Recorded information:
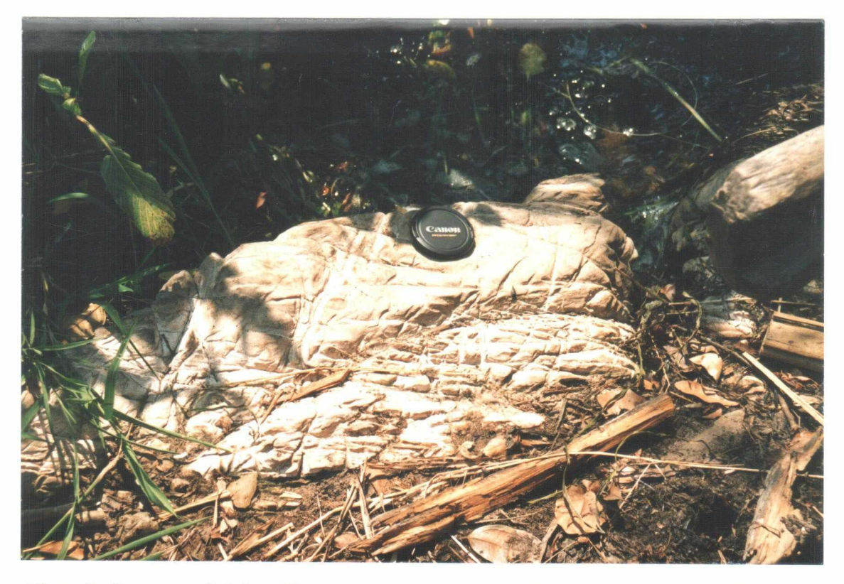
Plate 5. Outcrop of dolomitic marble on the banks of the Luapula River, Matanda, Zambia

...

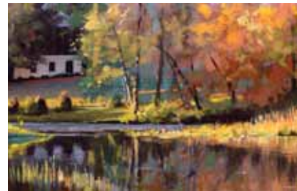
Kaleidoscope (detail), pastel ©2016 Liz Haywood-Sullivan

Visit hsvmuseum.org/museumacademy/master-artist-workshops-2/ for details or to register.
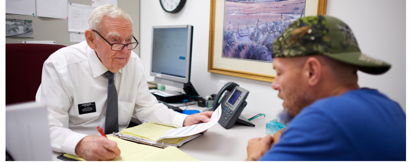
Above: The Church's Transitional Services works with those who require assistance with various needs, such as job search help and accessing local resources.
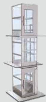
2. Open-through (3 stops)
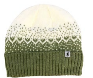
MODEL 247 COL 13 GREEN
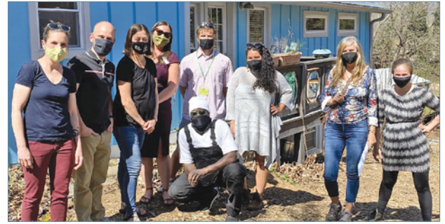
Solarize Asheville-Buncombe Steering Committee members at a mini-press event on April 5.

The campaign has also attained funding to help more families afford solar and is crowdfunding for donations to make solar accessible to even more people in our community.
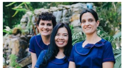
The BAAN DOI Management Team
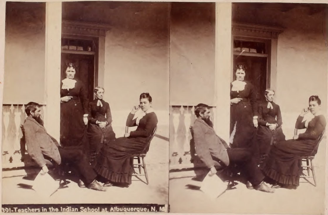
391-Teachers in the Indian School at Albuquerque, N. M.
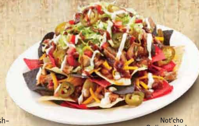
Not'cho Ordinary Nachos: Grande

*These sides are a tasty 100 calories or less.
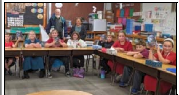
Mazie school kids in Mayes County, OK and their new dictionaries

Exercise objective:
Only lines of the data holding the word "help" go in the answer. Please copy each of them.

Output for this task:
Above: The Church's Transitional Services works with those who require assistance with various needs, such as job search help and accessing local resources.
The campaign has also attained funding to help more families afford solar and is crowdfunding for donations to make solar accessible to even more people in our community.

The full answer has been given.